The device tax is a tax on gross receipts (sales, essentially) instead of a tax on profits, so the tax will be imposed even if a company sells its products at a loss. This one detail ensures that the 2.3% tax is deceptively large: the medical device industry’s tax burden is expected to double because of the Taxmageddon increase; some companies (such as Zoll, which manufactures defibrillators) will see their profit margins shaved by up to 40%.
A recent study found that investment in medical research and development will fall by $2 billion per year because of the device tax—and that is a cautious estimate. R&D dollars drive innovation and innovation lowers costs, so the tax’s adverse effect on investment will keep expensive medical devices from becoming affordable and widely available in the future.

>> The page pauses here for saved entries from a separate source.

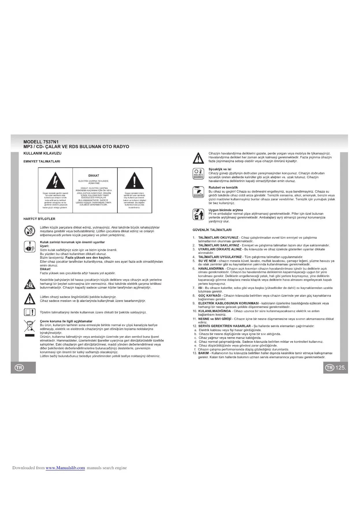 Frequentiebereik: 522kHz -1.620kHz Gevoeligheid 40dB IF-frequentie 450kHz CD-SPELER Systeem Compact disk audiosysteem Disk-formaten die gebruikt kunnen worden: CD / CD-R / CD-RW / MP3 Signaalformaat Sampling frequentie 44.1kHz Frequentie eigenschappen 20-100Hz ≤ 5dB 10-20kHz ≤ 5dB Geluids- / lawaairatio CD 50dB bij 1kHz Kanalen 2 (STEREO). Afmetingen ongeveer 178 x 50 x 188 mm Gewicht ongeveer 1,6 kg HET APPARAAT IS ONDERHEVIG AAN VERANDERINGEN ZONDER VOORAFGAANDE MEDEDELING. Downloaded from www.Manualslib.com manuals search engine125. 124. Üçgen içindeki gerilim işareti bir uyarı sembolü olup kullanıcıya cihazın icinde izole edilmemiş tehlikeli gerilimin olduğunu ve bu gerilimin elektrik çarpacak kadar güçlü olduğu gösterir.Üçgen içindeki ünlem işareti bir uyarı sembolü olup kullanıcıya önemli bakım ve kullanım bilgileri vermektedir. Bu bilgileri kullanma kılavuzunda bulabilirsiniz.DİKKATELEKTRİK ÇARPMA TEHLİKESİ, AÇMAYINIZ.DİKKAT: ELEKTRİK ÇARPMA RİSKİNDEN KAÇINMAK İÇİN ÖN VEYA ARKA KAPAĞI AÇMAYINIZ. CİHAZIN İÇİNDE KULLANICININ TAMİR EDEBİLECEĞİ PARÇALAR BULUNMAMAKTADIR. SADECE UZMAN KİŞİLER TARAFINDAN TAMİR EDİLMESİ GEREKMEKTEDİR. MODELL 7537N1 MP3 / CD- ÇALAR VE RDS BULUNAN OTO RADYO Cihazýn havalandýrma deliklerini gazete, perde yorgan veya mobilya ile týkamayýnýz. Havalandýrma delikleri her zaman acýk kalmasý gerekmektedir. Fazla ýsýnma cihazýn fazla ýsýnmasýna sebep olabilir veya cihazýn ömrünü kýsaltýr.Ýþletim talimatlarýný ileride kullanmak üzere dikkatli bir þekilde saklayýnýz.Çevre koruma ile ilgili açýklamalarBu ürün, kullaným tarihinin sona ermesiyle birlikte normal ev çöpü kanalýyla tasfiye edilmeyip, elektrik ve elektronik cihazlarýnýn geri dönüþüm toplama noktalarýna býrakýlmalýdýr.Ürünün, kullanma talimatýnýn veya ambalajýn üzerinde yer alan sembol buna iþaret etmektedir. Hammaddeler, üzerlerindeki iþaretler uyarýnca geri dönüþtürülebilir özelliðe sahiptirler. Eski cihazlarýn geri dönüþtürülmesi, maddi yönden deðerlendirilmesi veya diðer þekillerdeki deðerlendirilmelerine bulunacaðýnýz desteklerle, çevremizin korunmasý için önemli bir katký saðlamýþ olacaksýnýz.Lütfen baðlý bulunduðunuz belediye yönetiminden yetkili tasfiye noktasýný öðreniniz.Sýcaklýk ve isiCihazý güneþ ýþýðýnýn doðrudan yansýmasýndan koruyunuz. Cihazýn doðrudan sýcaklýk üreten aletlerde kalirüfer gibi acýk ateþten vs. uzak tutunuz. Cihazýn havalandýrma deliklerinin kapalý olmadýðýndan emin olunuz.Rutubet ve temizlikBu cihaz su geçirir! Cihaza su deðmesini engelleyiniz, suya bandirmayiniz. Cihaza su girdiði takdirde cihaz ciddi ariza görebilir. Temizlik esnasina, alkol, amonyak, benzin veya çizici maddeler kullanmayiniz bunlar cihaza zarar verebilirler. Temizlik için yumuþak ýslak bir bez kullanýnýz.Kesinlikle þahýslarýn bil hassa çocuklarýn küçük deliklere veya cihazýn acýk yerlerine herhangi bir þeyleri sokmasýna izin vermeziniz. Aksi takdirde elektrik çarpma tehlikesi bulunmaktadýr. Cihazýn kapaðý sadece uzman kiþiler tarafýndan açýlmalýdýr.Lütfen küçük parçalara dikkat ediniz, yutmayýnýz. Aksi takdirde büyük rahatsýzlýklar meydana gelebilir veya boðulabilirsiniz. Lütfen çocuklara dikkat ediniz ve onlarýn eriþemeyeceði yerlere küçük parçalarý ve pilleri yerleþtiriniz.Kulak zarinizi korumak için önemli uyarilarUyari:Sizin kulak saðliðýnýz sizin için ve bizim içinde önemli.Bu yüzden bu cihazi kullanirken dikkatli olunuz.Bizim tavsiyemiz: Fazla yüksek ses den kaçinin.Eðer cihaz çocuklar tarafindan kullaniliyorsa, cihazin ses ayari fazla acik olmadiðýndan emin olunuz.Dikkat!Fazla yüksek ses çocuklarda aðýr hasara yol açabilir.Lütfen cihazý sadece öngörüldüðü þekilde kullanýnýz.Cihaz sadece mesken ve iþ alanlarýnda kullanýlmak üzere tasarlanmýþtýr.Uygun bicimde arýtmaPil ve ambalajlar normal çöpe atýlmamasý gerekmektedir. Piller için özel bulunan yerlerde arýtýlmasý gerekmektedir. Ambalajlarý ayrý atmanýz çevreyi korumanýza yardýmcý olur.HARÝCÝ BÝLGÝLERKULLANIM KILAVUZUEMNIYET TALIMATLARIGÜVENLİK TALİMATLARI
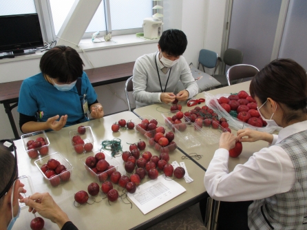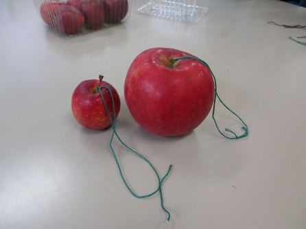 最初に、りんごに糸を付ける作業
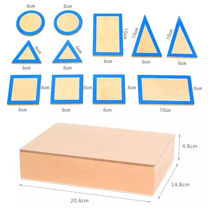 The included wooden box keeps the shape bases organised, while the three stands are for supporting the round shapes.
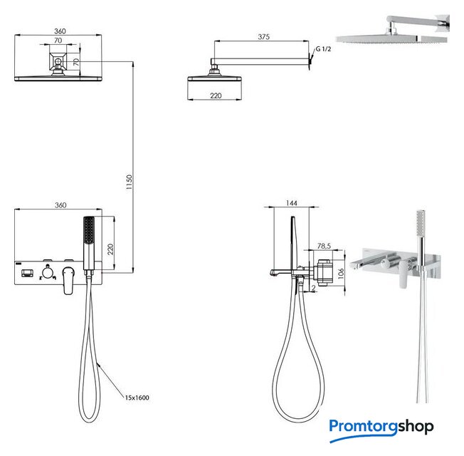 | Комплектация | верхний душ, ручной душ (лейка), держатель лейки, шланг, смеситель, излив для ванны |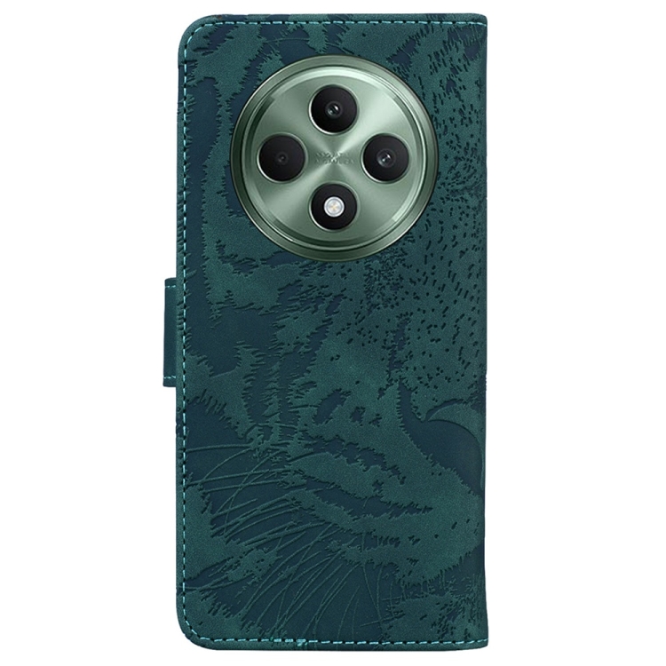 Funda de Cuero con Tapa y Estampado de Tigre para Oppo Reno12 F 5G (Verde)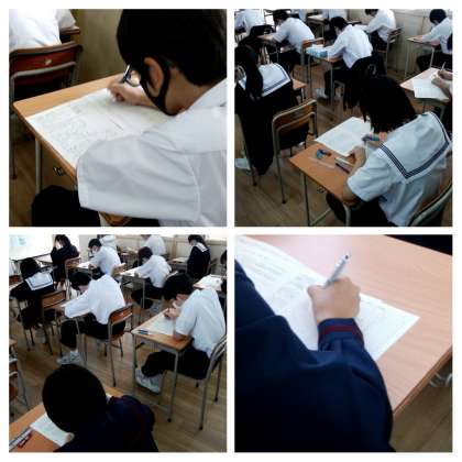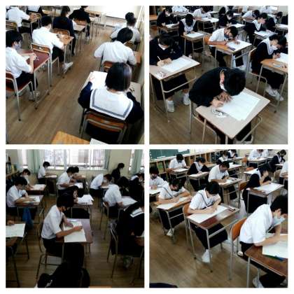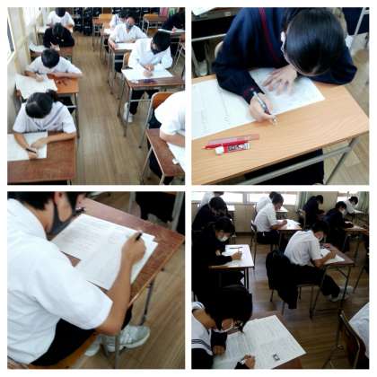 日々の授業での学習とテスト期間中に取り組んだ成果をしっかり出せるよう、時間いっぱい取組んでいます。

More immediately, the device tax will gouge health consumers for essential products. Taxes on companies often end up hitting consumers as higher prices, and the device tax is no different. The actuary for the Centers for Medicare and Medicaid Services made it plain that Obamacare’s “fees and the [device] tax would generally be passed through to health consumers in the form of higher drug and device prices and higher insurance premiums.” In other words, patients – many in dire need of care – may find crucial medical products out of their reach as a result of the 2.3% tax.
Whatever costs cannot be passed along to patients will be absorbed by the medical device companies, which will lead businesses to cut jobs as they tread water to stay afloat. One study found that, depending on the elasticity of the tax, the medical device industry will be forced to fire between 14,500 and 47,100 workers—up to 10% of the workforce.